Yes to the first three.
I don’t want to do anything about the tokenizer, since it works fine. It is full of arcana, and I worry that replacing it with a different mechanism would break corner cases.
In contrast, the grammar-to-CST mechanism we currently use is straightforward, and I don’t expect nasty corner cases there if we replace it with e.g. a PEG-based parser.
The current CST-to-AST translation code is too ad-hoc and complex, because has to make up for restrictions in pgen, and I want to replace it. If we couldn’t replace it I think the whole project would not be worth it.
Finally, the memory we might save by skipping the CST would give us some space back that we could use for the memoization cache. (The CST is quite large, due to the explicit presence of “trivial” nodes with a single child.)
In my toy project, I want to get to the point where in pure Python I can get from stream of tokens to AST (This is feasible because the ast module lets you create and combine AST nodes.)
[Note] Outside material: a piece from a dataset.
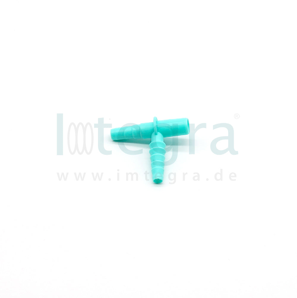 Doppelwinkelstück zum gleichzeitigen Anschluss von zwei Absaugschläuchen pro Absaugbeutel.

We can then double-check that the AST created by the toy for a given program is identical to that created by the current parser, and iterate on areas where it isn’t.
I am looking for other parsing technology than pgen because I want to be able to write the grammar to match how I think about the program, e.g. (that same example again):
start: assignment | expression assignment: NAME '=' expression expression: NAME | <other categories>
PEG + packrat looks like a reasonable candidate so I am looking into that in detail.